In Chief Counsel Advice 200942038 (June 26, 2009), the Internal Revenue Service (the Service) reiterated its position on the tax consequences to all the parties involved when a parent corporation (or taxpayer) pays employees of the parent’s subsidiary corporation. In the CCA, a parent corporation lost control of its subsidiary when the creditors of the subsidiary obtained stock ownership in a bankruptcy proceeding. The Service addressed the following two issues:
- "What is the proper character of a loss resulting from payments on nonqualified stock options by the parent to employees of the former subsidiary?"
- "When stock option payments are made to employees of the former subsidiary, which entity may properly claim a compensation deduction for such payments?"

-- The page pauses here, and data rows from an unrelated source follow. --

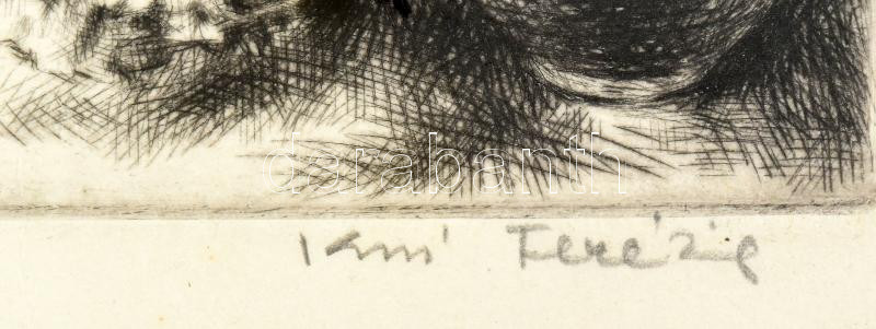 Kiss Terézia (1928-2016): Kislány és virág. Rézkarc, papír, jelzett, számozott (40/100). Üvegezett fakeretben. 15×19 cm<a href="https://www.darabanth.com/hu/gyorsarveres/437/kategoriak~Festmenyek-es-grafikak/Festmenyek-es-grafikak~500001/Kiss-Terezi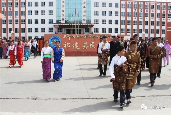 一切随着时代的进步悄然发生变化。2011年秋季,祁连县民族中学整体搬迁至祁连县新城区健康路东侧,总占地面积81245平方米,新建多媒体教室、平整的运动场、图书室、食堂等,完善了校园基础设施。学生有了免费的营养午餐,中午不用因为家远再忍饥挨饿,享受和城里孩子一样的待遇。整个校园绿化、净化、亮化、美化后,成了一座知识花园。过去自制的简单教具、水泥做成的黑板、缺腿的桌椅尘封在了记忆里。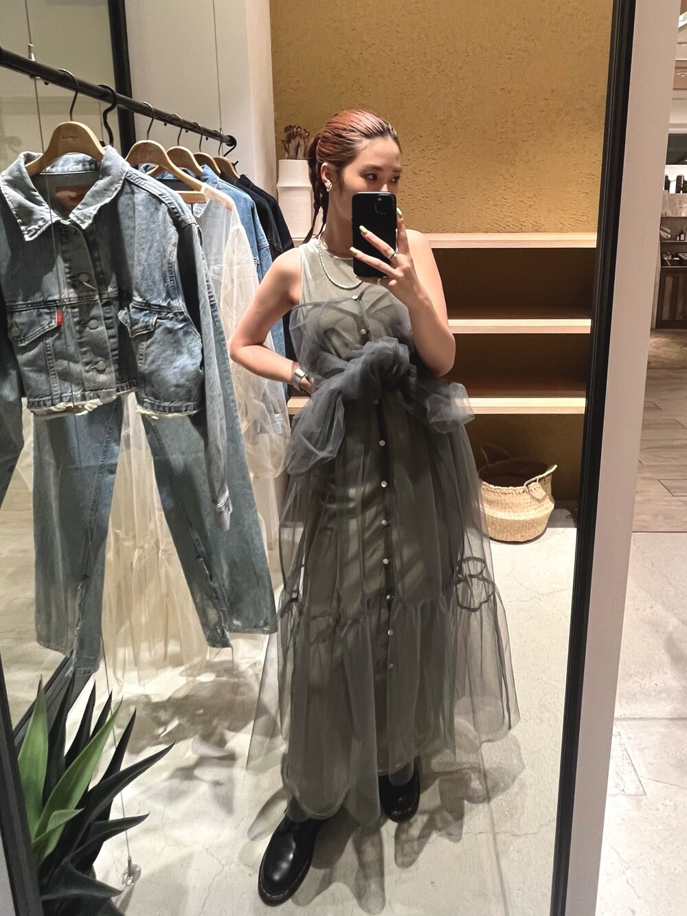 お呼ばれコーデ🩶🩶 ベロアワンピースとチュールワンピース合わせるとより綺麗めになるので、結婚式の二次会などにも使えます! デニムジャケット✖️ベロアワンピースなど、カジュアルなアイテムとの合わせも可愛いです😍

Issue One — Character of the Loss
When the subsidiary corporation’s stock was cancelled in the bankruptcy proceeding, the parent corporation claimed a capital loss for its investment in the subsidiary. When the subsidiary corporation was part of the parent’s group, the subsidiary’s employees were issued nonqualified stock options every year. These options generally had a 10-year window from the date of grant in which the recipient could exercise them. While the parent ceased issuing the options to the subsidiary after the bankruptcy, the employees of that subsidiary still held the options and continued to exercise them under the terms of the options. Prior to the bankruptcy of the subsidiary, when one of the subsidiary employees exercised their parent options, the parent would sell newly issued shares to cover the payment option being exercised and the sales proceeds to pay the employee. The parent corporation would treat the cash payment as a capital contribution to the subsidiary. After the bankruptcy of the subsidiary, the parent treated the payments made to the subsidiary employees as capital losses. The parent then changed its position and filed an informal claim for refund that the payments made after the bankruptcy were ordinary losses to them, not capital losses.

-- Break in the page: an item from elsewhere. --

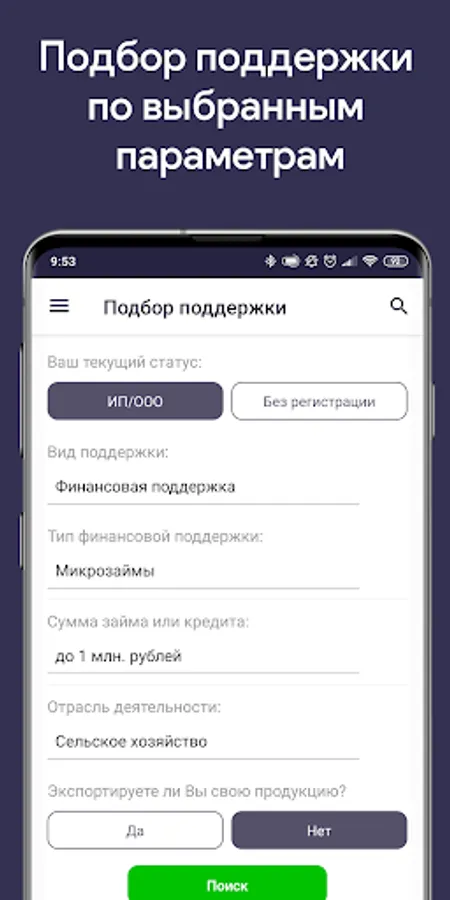 ATTENTION: at the moment, the application is available only to entrepreneurs of the Krasnodar Territory, but in the future we plan to expand to other regions of Russia. Thank you for using our product!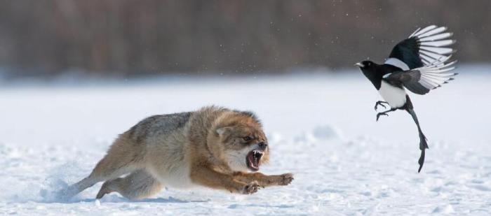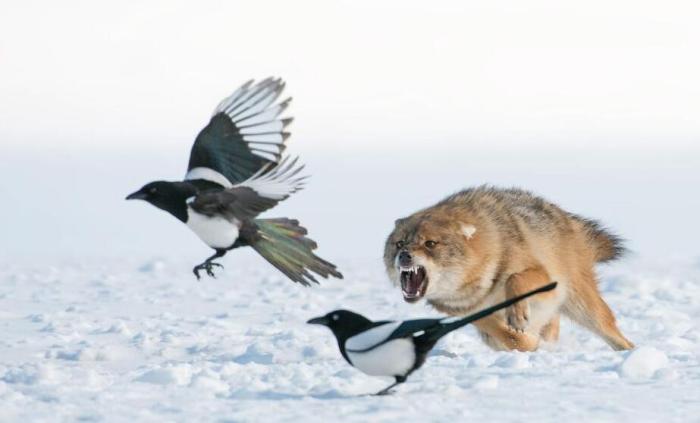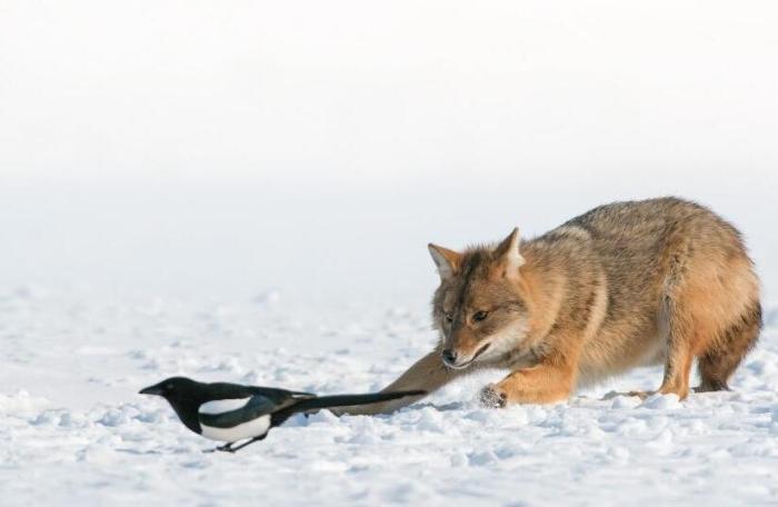野生胡狼雪地捕獵喜鵲 尖牙利齒目露兇光 (組圖)

In denying the parent’s new position, the Service focused on the relation-back doctrine applied in Rev. Rul. 2002-1, 2002-1 C.B., 268, which focused on the exercise of stock options in a former parent (distributing) company by a spun-off company’s (controlled’s) employees. In the Rev. Rul., the Service treated the exercise of the distributing company’s options by the controlled employees as if they happened prior to the distribution of the controlled stock, and allowed an ordinary deduction to the controlled corporation under Section 83(h) and 162, citing to Treas. Reg. Section 1.1032-3. Under this analysis, the parent company is treated as selling its stock on the market (a 1032 transaction), followed by a transfer of the proceeds to its subsidiary as a capital contribution.
The taxpayer in the CCA argued that a recent tax court case, Santa Fe Pacific Gold Company v. Commissioner, 132 T.C. No. 12 (2009), changes the result discussed above and allows the parent to take an ordinary loss on the payment of the stock option to its former subsidiary’s employee. The taxpayer stated that the payments to the former subsidiary’s employees "produced no long term future benefit to [p]arent, and therefore [p]arent can deduct the payments as ordinary deductions." In the alternative, the parent stated that the payments were associated with an abandoned transaction and could be deducted under Section 165.
The Service would not be dissuaded from applying the relation-back doctrine and did not entertain application of the Santa Fe analysis. They stated that the Santa Fe case involved the payment of a termination fee in a hostile takeover bid and found no analogy or application to the clearly established relation-back doctrine for payments made under stock options that were issued when the subsidiary was a member of the parent corporation’s group. Thus, the Service applied a strict origin-of-the-claim approach in deciding the character of the payment, and which taxpayer could take it into account.
Issue Two — Can the Parent Corporation Take the Section 83(h) Deduction for the Option Payment?
The Service cited to Treas. Regs. Sections 1.83-6(d) and 1.032-3 to conclude that when a parent corporation pays an employee of its subsidiary for the exercise of a stock option, the parent is treated as making a capital contribution to the subsidiary and the subsidiary is entitled to the deduction for payment to its employee. This is the result, even if the subsidiary is no longer in existence, as was the case in the CCA where the Service stated that the successor to the subsidiary was the proper party to take the deduction for the payments made to the employee.
Pepper Perspective
In this CCA the Service reiterated several key legal concepts that have broad application to many transactions, including mergers, spin-offs, sales of subsidiaries, and workout situations. For example, the Service is readily supportive of a relation-back approach to determine proper tax treatment for multi-party, multi-year transactions. Additionally, a successor entity can take into account tax consequences of the settlement of pre-existing obligations of the selling or distributing group long after the transaction has closed and the subsidiary is no longer part of that group. As a result, careful attention should be paid in drafting transaction documents to address payments to employees under pre-existing compensation and benefit plans. Because these amounts are typically significant, clear instructions and tax allocations should be provided for in the transaction documents to obtain the best financial results for all relevant parties.